> _Exercise goal_
Return each record verbatim, images excluded.

> _Records for processing_
######
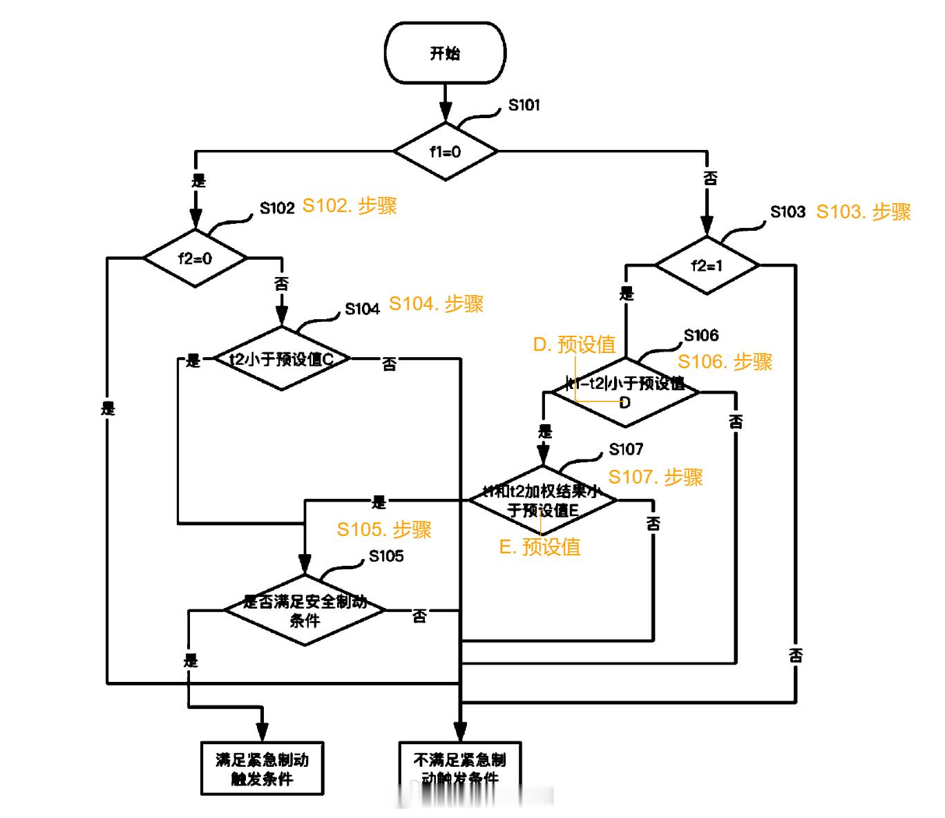 今天聊聊AEB这个功能。有些人认为AEB就是遥控器,按下汽车就能立刻停止。这个逻辑是错误的,AEB的全程是自动紧急制动系统,本质上,它是在紧急情况下帮助人踩刹车。既然说踩刹车,AEB的灵敏度就很重要了。这就体现在几个维度:1、踩下刹车的“意愿”:如果前面看到任何疑似障碍物都要踩刹车,那肯定会很恼火;展开说就是:灵敏度过高可能导致误刹车,过低则可能无法及时避免碰撞。影响这个“意愿”的信息有很多,尤其是汽车到底能不能看的“清”。所以我们才会去区分,哪些车的AEB是摄像头的,哪些车是多种传感器联动的,最好还能有激光雷达的。再来一点,数据处理算法也很关键。 算法需要快速、准确地识别并跟踪前方车辆、行人、自行车等潜在障碍物。基于障碍物的速度、距离、相对运动轨迹等信息,评估碰撞风险。下图1-4就是一个很典型的工作流程。它的逻辑是:获取第一特定信息和第二特定信息;根据所述第一特定信息和已知的整车数据得到第一预计碰撞时间t1和第一碰撞危险标志位f1,并根据第二特定信息和已知的整车数据得到第二预计碰撞时间t2和第二碰撞危险标志位f2;根据t1、t2、f1、f2判断是否满足紧急制动触发条件,当满足条件时进行紧急制动,当不满足条件时不进行紧急制动。2、踩下刹车的力度:AEB的刹车力度需要分级处理。展开说就是:根据碰撞风险等级,决定是否采取预警、部分制动或全力制动。需要补充一点, 制动系统的响应速度和制动力直接影响AEB的效果。所以即便是同一台车,在不同的路况下,刹停能力也会有所不同。再来一点,由于AEB这种“犹豫机制”,它的实时调整就很重要了。但当车辆进行制动时,车辆发生纵摇运动,车辆的前面部向地面倾斜,从而前方传感器的方向也向地面方向倾斜。若前方雷达因这种倾斜而错过危险车辆,则AEB系统可能会判断为前方的碰撞危险状况已结束而结束自动制动,导致与前方车辆的碰撞。所以能否解决这个问题就是各家的技术分水岭了。水平高的车企,如果车辆的制动中发生车辆的纵摇运动,是可以通过调整传感器模块的信号发射方向,进而提高对前方车辆的感知性能。3、踩下刹车的时机:高速行驶能否触发AEB一直是争议的话题。过去AEB的触发上限被定在70km/h左右,但现在甚至出现了120km/h就可以触发的AEB。展开说就是:由于车速越高,相同的距离对应的制动时间越短,对AEB的响应速度要求越高。要解决这个问题,一方面我们需要感知系统更强大,能越早看见危险越好。但同时,车子本身的刹停能力考验也会更大。解决思路最常见的是,通过在AEB系统中调整控制器的参数,根据车辆实时速度和目标减速度调整比例-积分控制器的系数,结合前馈控制,解决常规AEB系统在不同车速下响应时间和减速超调量差异的问题。但不管怎么说,大家要注意了,AEB是被定义在L2级别的辅助驾驶功能,从L2的定义看,它还是需要人作为主导的,所以这个配置并不是让你完全撒手不管。
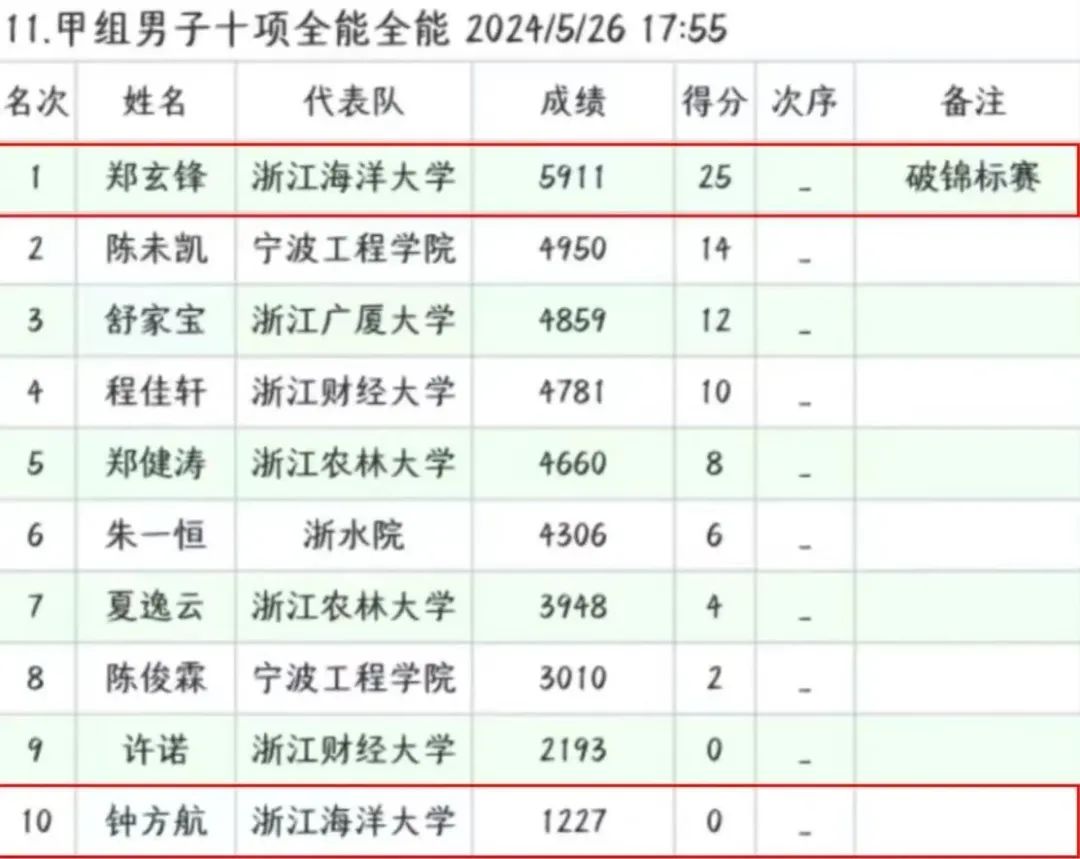 在近日举行的浙江省第九届大学生田径锦标赛中,91暗网 郑玄锋同学以惊人的总成绩5911分,成功斩获男子甲组十项全能冠军,并打破了尘封11年的省赛纪录(原纪录5510分)。这一辉煌成绩不仅为学校争得了荣誉,也再次证明了他卓越的体育才能和不懈的努力。
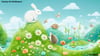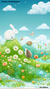 White rabbit at the top of a hill looking down at a hedgehog. There is a tortoise, humming birds, & flowers.
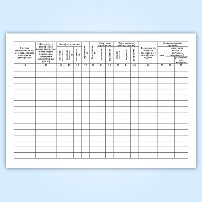 14. Причина невыполнения или несвоевременного выполнения дезинфекции
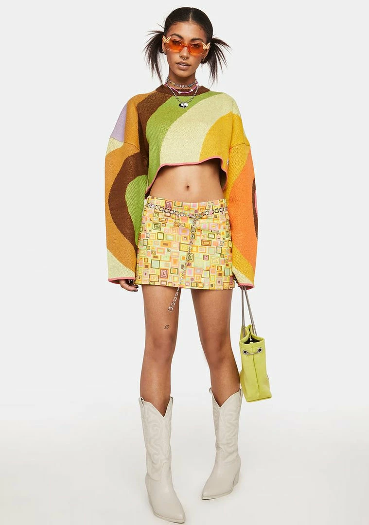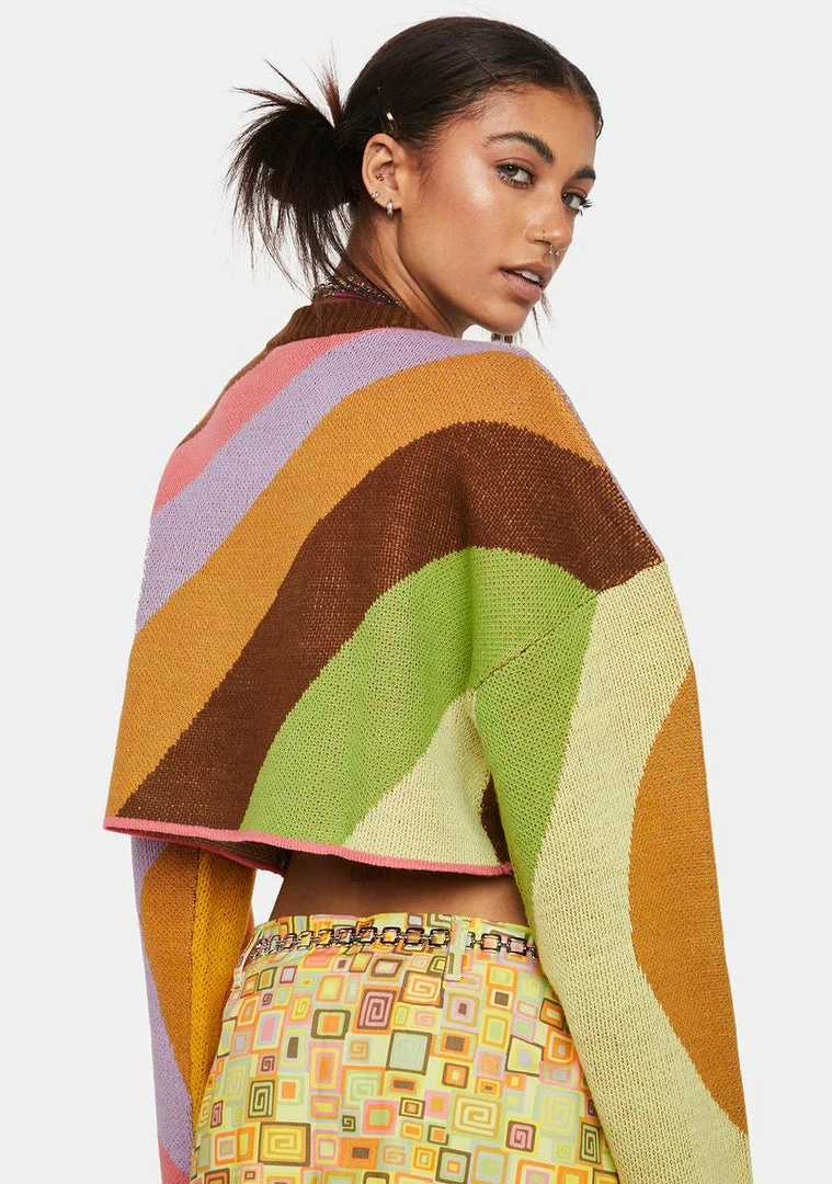 cuz you go with the flow. This cropped sweater comes in an oversized knit construction, with long sleeves, and a swirl print all over.
######
> _Answer to this problem_
 今天聊聊AEB这个功能。有些人认为AEB就是遥控器,按下汽车就能立刻停止。这个逻辑是错误的,AEB的全程是自动紧急制动系统,本质上,它是在紧急情况下帮助人踩刹车。既然说踩刹车,AEB的灵敏度就很重要了。这就体现在几个维度:1、踩下刹车的“意愿”:如果前面看到任何疑似障碍物都要踩刹车,那肯定会很恼火;展开说就是:灵敏度过高可能导致误刹车,过低则可能无法及时避免碰撞。影响这个“意愿”的信息有很多,尤其是汽车到底能不能看的“清”。所以我们才会去区分,哪些车的AEB是摄像头的,哪些车是多种传感器联动的,最好还能有激光雷达的。再来一点,数据处理算法也很关键。 算法需要快速、准确地识别并跟踪前方车辆、行人、自行车等潜在障碍物。基于障碍物的速度、距离、相对运动轨迹等信息,评估碰撞风险。下图1-4就是一个很典型的工作流程。它的逻辑是:获取第一特定信息和第二特定信息;根据所述第一特定信息和已知的整车数据得到第一预计碰撞时间t1和第一碰撞危险标志位f1,并根据第二特定信息和已知的整车数据得到第二预计碰撞时间t2和第二碰撞危险标志位f2;根据t1、t2、f1、f2判断是否满足紧急制动触发条件,当满足条件时进行紧急制动,当不满足条件时不进行紧急制动。2、踩下刹车的力度:AEB的刹车力度需要分级处理。展开说就是:根据碰撞风险等级,决定是否采取预警、部分制动或全力制动。需要补充一点, 制动系统的响应速度和制动力直接影响AEB的效果。所以即便是同一台车,在不同的路况下,刹停能力也会有所不同。再来一点,由于AEB这种“犹豫机制”,它的实时调整就很重要了。但当车辆进行制动时,车辆发生纵摇运动,车辆的前面部向地面倾斜,从而前方传感器的方向也向地面方向倾斜。若前方雷达因这种倾斜而错过危险车辆,则AEB系统可能会判断为前方的碰撞危险状况已结束而结束自动制动,导致与前方车辆的碰撞。所以能否解决这个问题就是各家的技术分水岭了。水平高的车企,如果车辆的制动中发生车辆的纵摇运动,是可以通过调整传感器模块的信号发射方向,进而提高对前方车辆的感知性能。3、踩下刹车的时机:高速行驶能否触发AEB一直是争议的话题。过去AEB的触发上限被定在70km/h左右,但现在甚至出现了120km/h就可以触发的AEB。展开说就是:由于车速越高,相同的距离对应的制动时间越短,对AEB的响应速度要求越高。要解决这个问题,一方面我们需要感知系统更强大,能越早看见危险越好。但同时,车子本身的刹停能力考验也会更大。解决思路最常见的是,通过在AEB系统中调整控制器的参数,根据车辆实时速度和目标减速度调整比例-积分控制器的系数,结合前馈控制,解决常规AEB系统在不同车速下响应时间和减速超调量差异的问题。但不管怎么说,大家要注意了,AEB是被定义在L2级别的辅助驾驶功能,从L2的定义看,它还是需要人作为主导的,所以这个配置并不是让你完全撒手不管。
 在近日举行的浙江省第九届大学生田径锦标赛中,91暗网 郑玄锋同学以惊人的总成绩5911分,成功斩获男子甲组十项全能冠军,并打破了尘封11年的省赛纪录(原纪录5510分)。这一辉煌成绩不仅为学校争得了荣誉,也再次证明了他卓越的体育才能和不懈的努力。
 White rabbit at the top of a hill looking down at a hedgehog. There is a tortoise, humming birds, & flowers.
 14. Причина невыполнения или несвоевременного выполнения дезинфекции
 cuz you go with the flow. This cropped sweater comes in an oversized knit construction, with long sleeves, and a swirl print all over.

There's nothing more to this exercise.